As Bolt worked out all his stresses and strains before the start of the 200m final by chatting up the volunteer marking the lane next to his, then giving knuckles to the one in his own lane, the rest of the field vied for an inch of the limelight.

Yohan Blake, with his eerily long fingernails, did his customary beast impression, while Wallace Spearmon, the United States sprinter, started pointing at himself, shouting: "This is my time, let's go, baby."

Really? You really think this is your time? Sorry to break it to you, Wallace, but your time is 19.90 seconds, which is 0.58 slower than the Lightning Bolt. That will get you fourth place, so settle down.

Best ovation: Sarah Attar, Saudi Arabia

This Games broke Olympic attendance records. It was amazingly well attended, but then we could all see that coming: the British do love their sport, after all.

When Mo Farah and Usain Bolt won their races, the Olympic Stadium emitted a sonic boom.

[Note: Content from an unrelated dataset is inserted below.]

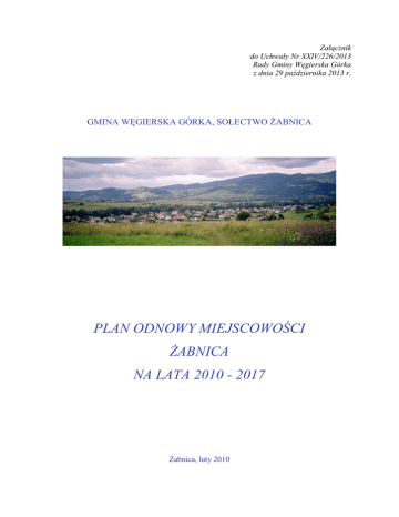Załącznik do Uchwały Nr XXIV/226/2013 Rady Gminy Węgierska Górka z dnia 29 października 2013 r. GMINA WĘGIERSKA GÓRKA, SOŁECTWO ŻABNICA PLAN ODNOWY MIEJSCOWOŚCI ŻABNICA NA LATA 2010 - 2017 Żabnica, luty 2010 PLAN ODNOWY MIEJSCOWOŚCI ŻABNICA NA LATA 2010 - 2017 SPIS TREŚCI: 1. WSTĘP _______________________________________________________________ 4 2. CHARAKTERYSTYKA MIEJSCOWOŚCI ŻABNICA _________________________ 6 2.1. Położenie __________________________________________________________ 6 2.2. Struktura przestrzenna miejscowości Żabnica __________________________ 7 2.3. Dominanta przestrzenna_____________________________________________ 8 2.4. Historia miejscowości _______________________________________________ 9 2.5. Ludność _________________________________________________________ 10 2.6. Zabytki i architektura ______________________________________________ 11 2.7. Gospodarka ______________________________________________________ 13 2.8. Rolnictwo ________________________________________________________ 14 2.9. Środowisko przyrodnicze ___________________________________________ 15 2.10. Infrastruktura ____________________________________________________ 17 2.10.1. Zaopatrzenie w wodę ___________________________________________ 17 2.10.2. Sieć kanalizacyjna ______________________________________________ 17 2.10.3. Ogrzewanie ___________________________________________________ 17 2.10.4. Gaz _________________________________________________________ 17 2.10.5. Gospodarka odpadami ___________________________________________ 18 2.10.6. Komunikacja __________________________________________________ 18 2.11. Miejsca o szczególnym znaczeniu dla potrzeb mieszkańców. ______________ 18 2.11.1. Miejsca kultu religijnego, pamięci oraz związane z kulturą i tradycją. _____ 18 2.11.2. Miejsca szczególnie atrakcyjne turystyczno-rekreacyjnie oraz przyrodniczo. 19 2.11.3. Miejsca szczególnie o charakterze komunikacyjnym. __________________ 20 2.12. Oświata __________________________________________________________ 20 2.13. Turystyka ________________________________________________________ 22 2.14. Kultura __________________________________________________________ 23 3. 4. ANALIZA SWOT ______________________________________________________ 26 3.1. Czynniki wewnętrzne miejscowości Żabnica ___________________________ 26 3.2. Czynniki zewnętrzne miejscowości Żabnica ____________________________ 27 PLANOWANE ZADANIA INWESTYCYJNE _______________________________ 28 4.1. Opis, uzasadnienie i rezultaty planowanych zadań inwestycyjnych _______ 29 4.2. Koszty i źródła finansowania realizacji poszczególnych zadań inwestycyjnych w Sołectwie Żabnica w latach 2010 - 2017. ___________________________________ 39 4.3. 5. Harmonogram realizacji zadań w Sołectwie Żabnica na lata 2010-2017. ____ 41 WDROŻENIE I MONITOROWANIE PLANU ______________________________ 43 2 Urząd Gminy Węgierska Górka 34-350 Węgierska Górka ul. Zielona 43 PLAN ODNOWY MIEJSCOWOŚCI ŻABNICA NA LATA 2010 - 2017 6. PODSUMOWANIE ____________________________________________________ 43 3 Urząd Gminy Węgierska Górka 34-350 Węgierska Górka ul. Zielona 43 PLAN ODNOWY MIEJSCOWOŚCI ŻABNICA NA LATA 2010 - 2017 1. WSTĘP Rozwój i odnowa obszarów wiejskich to jedno z kluczowych wyzwań, jakie stoją przed Polską w okresie integracji z Unią Europejską. Zasadniczym jej celem jest wzmocnienie działań służących zmniejszaniu istniejących dysproporcji i różnic w poziomie rozwoju obszarów wiejskich w stosunku do terenów miejskich. Plan Odnowy Miejscowości jest jednym z najważniejszych elementów odnowy wsi, jej rozwoju oraz poprawy warunków pracy i życia mieszkańców. Sporządzenie i uchwalenie takiego dokumentu stanowi niezbędny warunek przy aplikowaniu o środki finansowe w ramach „Programu Rozwoju Obszarów Wiejskich 2007-2013” działanie „Odnowa i rozwój wsi”, jak również stanowić będzie wytyczne dla władz Gminy Węgierska Górka przy opracowaniu kierunków rozwoju miejscowości Żabnica. Celem działania „Odnowa i rozwój wsi” jest poprawa jakości życia na obszarach wiejskich poprzez zaspokojenie potrzeb społecznych i kulturalnych mieszkańców wsi oraz promowanie obszarów wiejskich. Działanie umożliwi rozwój tożsamości społeczności wiejskiej, zachowanie dziedzictwa kulturowego i specyfiki obszarów wiejskich oraz wpłynie na wzrost ich atrakcyjności turystycznej i inwestycyjnej. W ramach działania pomocą finansową zostaną objęte projekty dotyczące: 1) budowy, przebudowy, remontu lub wyposażenia obiektów: a. pełniących funkcje publiczne, społeczno-kulturalne, rekreacyjne i sportowe, b. służących promocji obszarów wiejskich, w tym propagowaniu i zachowaniu dziedzictwa historycznego, tradycji, sztuki oraz kultury, 2) kształtowania obszaru przestrzeni publicznej, 3) budowy remontu lub przebudowy infrastruktury związanej z rozwojem funkcji turystycznych, sportowych lub społeczno-kulturalnych, 4) zakupu obiektów charakterystycznych dla tradycji budownictwa w danym regionie, w tym budynków będących zabytkami, z przeznaczeniem na cele publiczne, 5) odnawiania, eksponowania lub konserwacji lokalnych pomników historycznych, budynków będących zabytkami lub miejsc pamięci, 6) kultywowania tradycji społeczności lokalnej oraz tradycyjnych zawodów. Obszarem realizacji Planu Odnowy Miejscowości Żabnica jest obszar tej miejscowości. 4 Urząd Gminy Węgierska Górka 34-350 Węgierska Górka ul. Zielona 43 PLAN ODNOWY MIEJSCOWOŚCI ŻABNICA NA LATA 2010 - 2017 Zakres niniejszego opracowania obejmuje charakterystykę miejscowości, inwentaryzację zasobów służących odnowie miejscowości, analizę SWOT czyli mocne i słabe strony miejscowości, planowane kierunki rozwoju, zadania inwestycyjne wraz z szacunkowym kosztorysem i harmonogramem działań. Plan Odnowy Miejscowości Żabnica to dokument, który określa strategię działa

Britain's cyclists and then the Brownlee brothers in the triathlon could not hear each other when they were shouting instructions from a yard away, such was the noise coming from the crowds.

When Katie Taylor was fighting in the women's boxing for Ireland, the sound at the ExCel Arena was measured as being greater than that of a jumbo jet taking off.

The Olympic movement was not set up exclusively with the winners in mind, though, and the London 2012 crowds had a keen grasp of Pierre de Coubertin's ideals about it being the taking part which is important.

The significance of Sarah Attar becoming the first female athlete to represent Saudi Arabia at the Games was appreciated by all 80,000 present, who stood and cheered her home 40 seconds behind the winners of her 800m heat.

Worst losers: Badminton

The majority of Olympic sports are minority ones, afforded a two-week window to sell themselves to the wider world once every four years.

Some nailed it at London 2012. Cycling was already in the ascendant in the UK following Bradley Wiggins' Tour de France success. After Sir Chris Hoy et al bolstered that triumph, it is now boom time.

Triathlon, too. The crowds to watch the men's event - with free admission - were lining some of the Hyde Park course 50 deep to watch the Brownlee brothers take gold and bronze for the home nation.

Others botched it badly. Badminton had a nightmare. Fair enough, it may be fun to play. And neither is it too bad to watch.

However, if you invent rules where the players can end up playing to lose, it sort of goes against the point of sport. Badminton's governing body did well to disqualify those who did not try to win, but the die had already been cast.